D’abord privilège pour quelques initiés, la cité marocaine s’est depuis longtemps ouverte aux charters sans y perdre son âme. Aujourd’hui, elle bouillonne d’une masse confuse de people en mal d’orientalisme néo-colonial, de retraités en délocalisation, de spéculateurs immobiliers et de requins venus de partout.
Le gîte
Est-ce toujours un must d’y acheter un riad, vieille maison traditionnelle modeste conçue autour d’une cour patio dans une ruelle d’un quartier modeste ? Et est-ce bien raisonnable de faire une maison de riche dans un tel environnement ; vivre une autre civilisation, est-ce si facile ? L’idée originelle y fut surtout d’y créer une maison d’hôtes, forme d’illusion hôtelière et d’amateurisme. Des Marocains l’avaient déjà fait pour les routards. Il s’en est aménagé 650 en quelques années, et les abus n’ont pas manqué. Plus d’une centaine ont dû être fermées. Y séjourner quelques jours est dépaysant. Mais mieux vaut passer par une agence spécialisée. Internet a beaucoup triché sur l’image. Certaines sont de belles réussites de décoration, de confort et de prix (répertoriés dans Maisons d’hôtes et de charme au Maroc , chez Népenthés). Quant aux riads qui restent à vendre, ils sont devenus inabordables.

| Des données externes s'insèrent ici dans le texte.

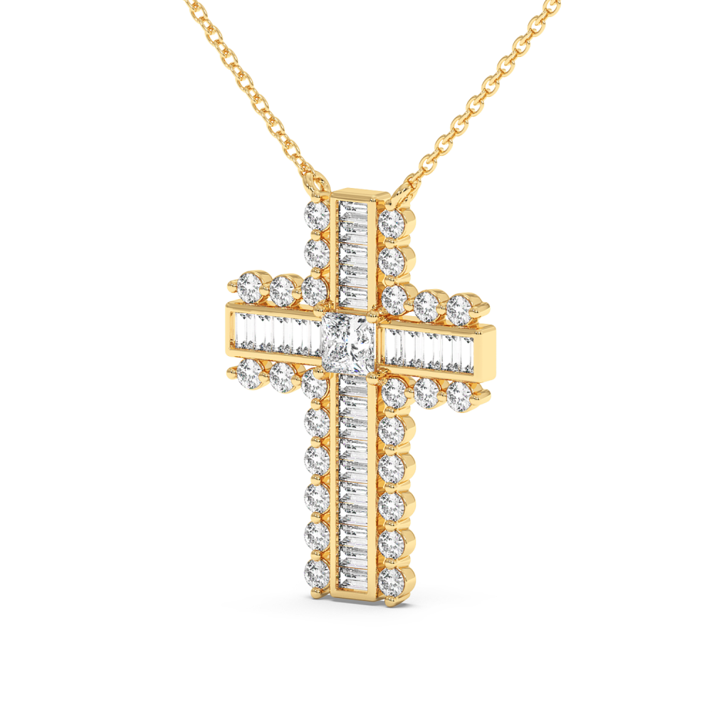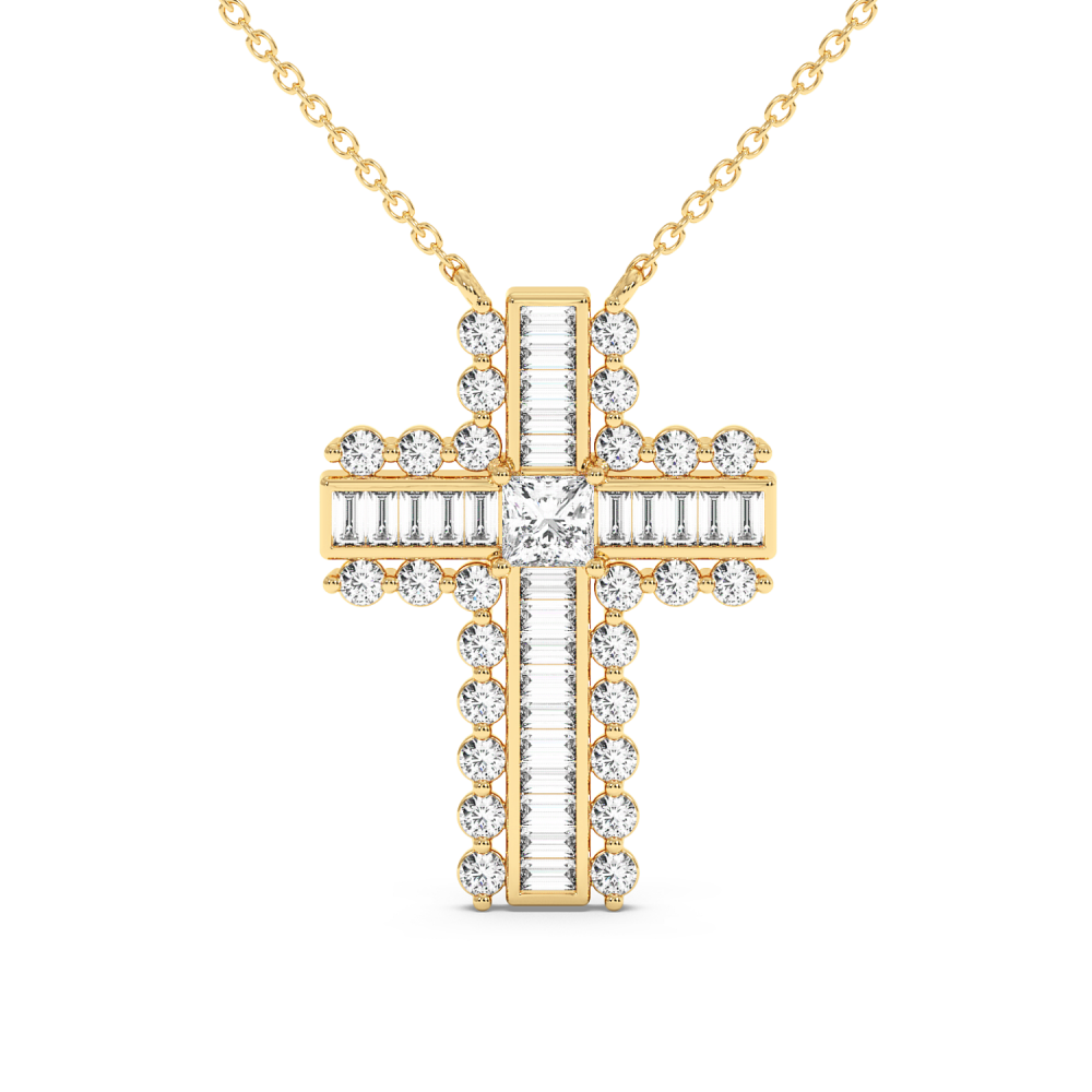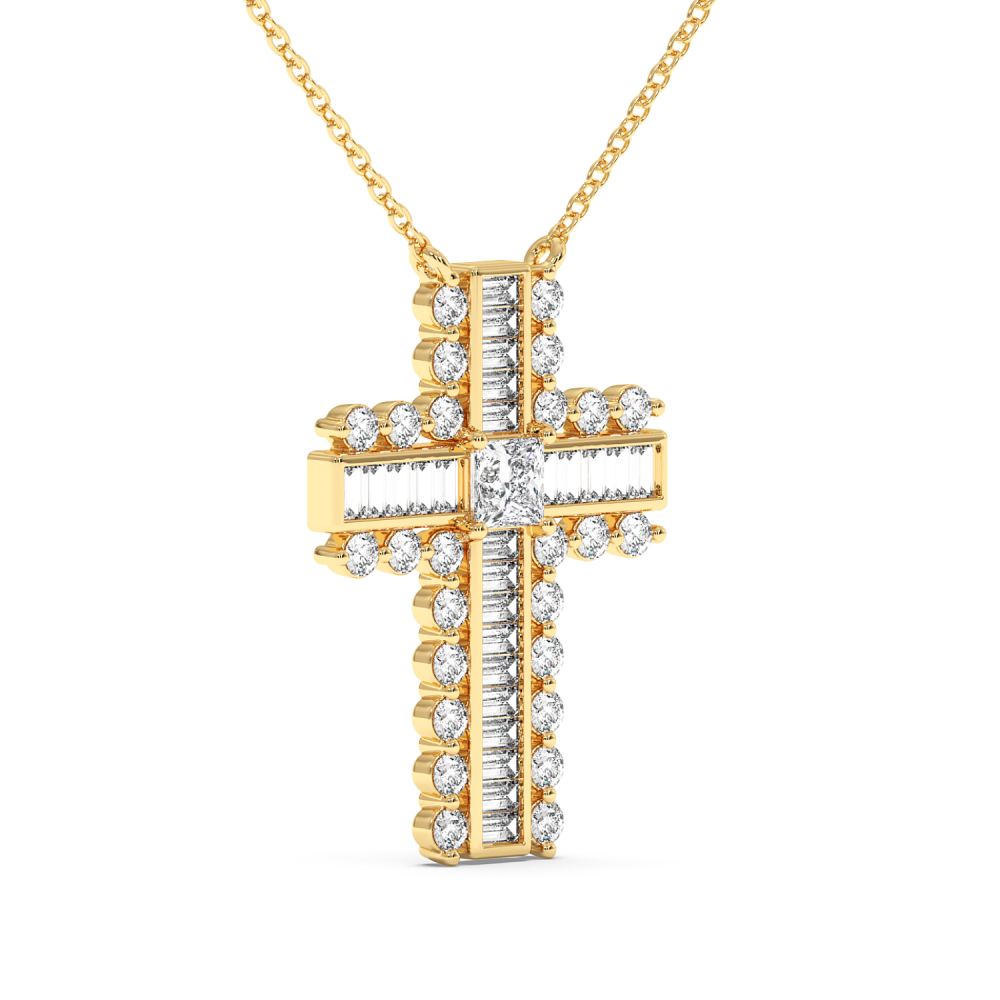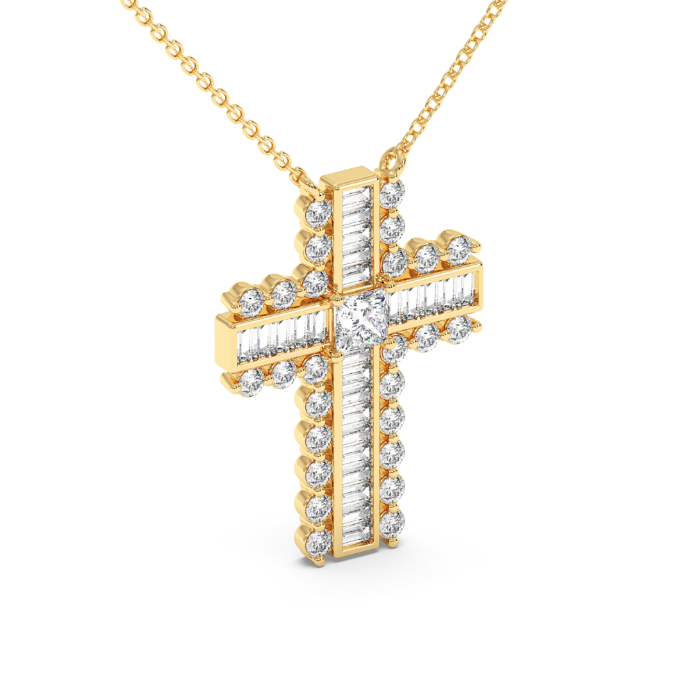 Pandantiv cruciulita din aur de 14 K, cu Diamante Baget de 0.32 ct, Diamante Princess de 0,20 ct si Diamante Rotunde de 0.47 ct. Greutatea cruciulitei este de aproximativ 3,7 grame.

Le riad dépassé, reste l’achat de villas ou d’appartements hors la médina dans des domaines luxueux près de la ville ; comptez alors de 2,5 à 15 millions de dirhams (227 000 à 1,4 million d’euros). Ils sont signés parfois de noms connus, Guerrand-Hermès ou Poniatowski, fervents de la ville. Les Casablancais et les R’batis dont la fréquentation explose sont preneurs. En revanche, on reste dubitatif devant les maisons proches de l’aéroport ou devant celles que l’on promet posées au bord de lagons : d’où viendra l’eau ? Le syndrome tropézien a engendré trois « plages », dont l’une à vagues artificielles. Marrakech se voit aussi doté de travaux pharaoniques par Sa Majesté : un quartier neuf d’hôtels et d’immeubles au long d’une impressionnante avenue de plus de 8 kilomètres filant vers l’Atlas.
En attendant, l’éventail hôtelier est déjà vaste et pas forcément ruineux. On trouve des chambres modernes à moins de 1 000 dirhams (90 euros). La solution économique passe par les forfaits avion-séjour des agences de voyages à moins de 400 euros.
Le couvert
Côté restaurants, c’est pléthore et les prix s’affolent (on atteint vite les 900 dirhams, 82 euros). De bons chefs (Leroy et Tarridec de Saint-Tropez, Biscay de Paris), de plus célèbres (Ducasse) conseillent. Il y a bousculade de tendances : bars à tapas, lounges, fooding, bistrot, brasserie, etc. : ça ouvre, ça ferme, ça change. Les décors s’inspirent des modernités parisiennes, ce qui ravit les Marocains curieux d’exotisme et enthousiasme les people qui s’y retrouvent (Bo et Zin, Abyssin, ou encore RDV).
Mais la bonne cuisine marocaine classique (La Maison arabe, Marocain de La Mamounia) ou chic (Tobsil) persiste dans la médina avec ses hauts et ses bas touristiques.
Depuis Churchill, avant la guerre, la tribu des riches et célèbres a toujours goûté Marrakech. Mais elle n’est plus une et indivisible : c’est à celle qui trouvera le schisme salvateur. Alors, certains, comme Saint Laurent, Bergé, Scherrer, Edouard Baer, Françoise Fabian, Muriel Robin, préfèrent tâter de la tentation tangéroise. L’été, ça va, mais l’hiver le vent d’est y est épuisant. Essaouira est déjà passé aux bobos. Nadine de Rothschild a présenté son vin ici, à Marrakech : alors… Allez donc échapper à Marrakech !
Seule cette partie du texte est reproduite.